> Try it
Below are the entries. Print only the lines starting at the one with "ステンレスネックレス フラワー&ハートチェーン 45cm" and ending at the one with "في إطار الاحتفاء", exactly, with no pictures.

> Dataset extract

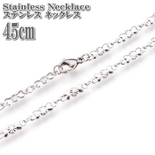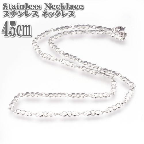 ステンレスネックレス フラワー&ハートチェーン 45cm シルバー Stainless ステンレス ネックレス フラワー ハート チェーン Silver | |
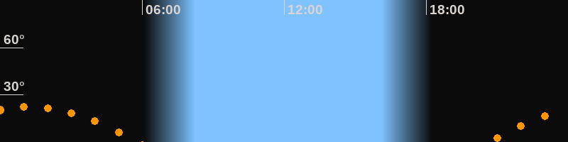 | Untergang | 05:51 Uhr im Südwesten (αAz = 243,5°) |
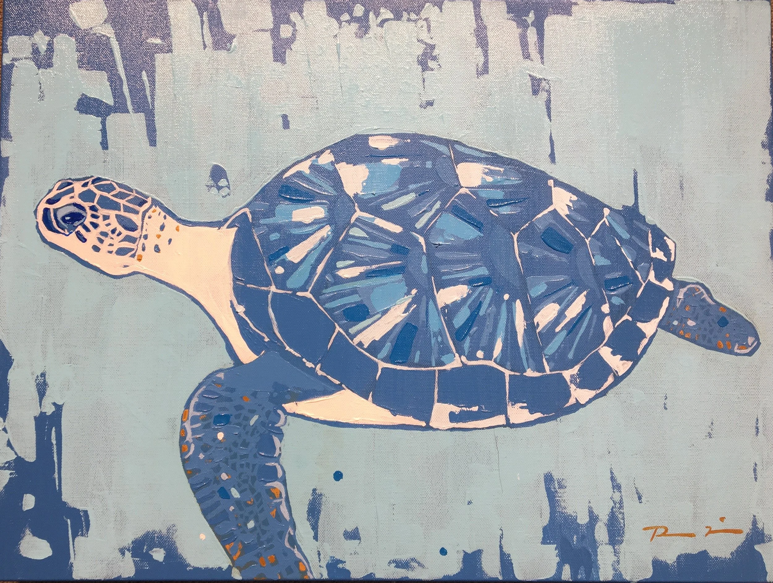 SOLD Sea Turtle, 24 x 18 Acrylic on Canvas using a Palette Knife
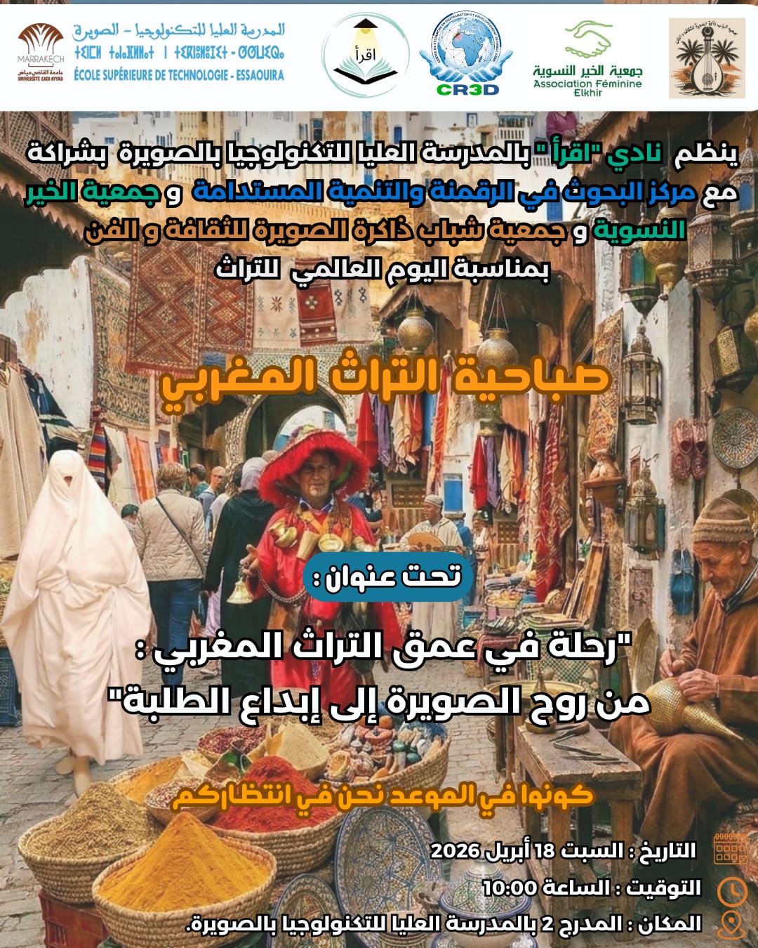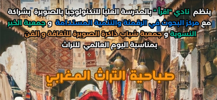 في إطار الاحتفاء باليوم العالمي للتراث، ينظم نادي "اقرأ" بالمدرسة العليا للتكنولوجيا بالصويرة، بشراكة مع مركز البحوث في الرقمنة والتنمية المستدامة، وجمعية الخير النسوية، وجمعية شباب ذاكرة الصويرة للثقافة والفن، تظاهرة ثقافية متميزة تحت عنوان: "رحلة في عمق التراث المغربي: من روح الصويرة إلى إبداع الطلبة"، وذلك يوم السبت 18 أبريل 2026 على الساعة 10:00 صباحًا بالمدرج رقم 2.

==

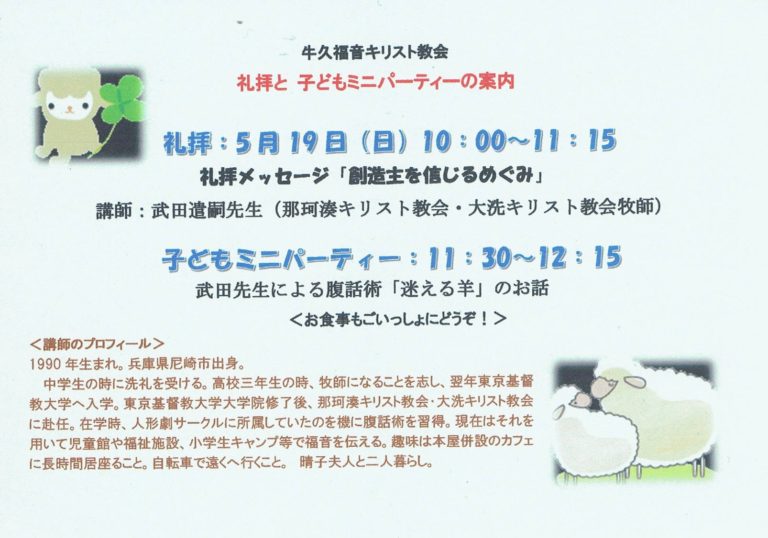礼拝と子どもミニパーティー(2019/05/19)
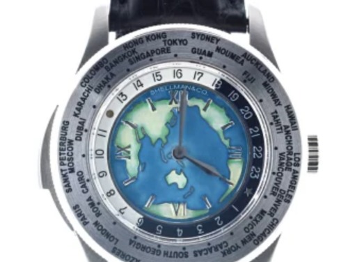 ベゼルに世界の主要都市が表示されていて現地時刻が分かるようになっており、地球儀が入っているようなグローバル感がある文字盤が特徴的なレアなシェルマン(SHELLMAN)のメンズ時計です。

> Written response
 ステンレスネックレス フラワー&ハートチェーン 45cm シルバー Stainless ステンレス ネックレス フラワー ハート チェーン Silver | |
 | Untergang | 05:51 Uhr im Südwesten (αAz = 243,5°) |
 SOLD Sea Turtle, 24 x 18 Acrylic on Canvas using a Palette Knife
 في إطار الاحتفاء باليوم العالمي للتراث، ينظم نادي "اقرأ" بالمدرسة العليا للتكنولوجيا بالصويرة، بشراكة مع مركز البحوث في الرقمنة والتنمية المستدامة، وجمعية الخير النسوية، وجمعية شباب ذاكرة الصويرة للثقافة والفن، تظاهرة ثقافية متميزة تحت عنوان: "رحلة في عمق التراث المغربي: من روح الصويرة إلى إبداع الطلبة"، وذلك يوم السبت 18 أبريل 2026 على الساعة 10:00 صباحًا بالمدرج رقم 2.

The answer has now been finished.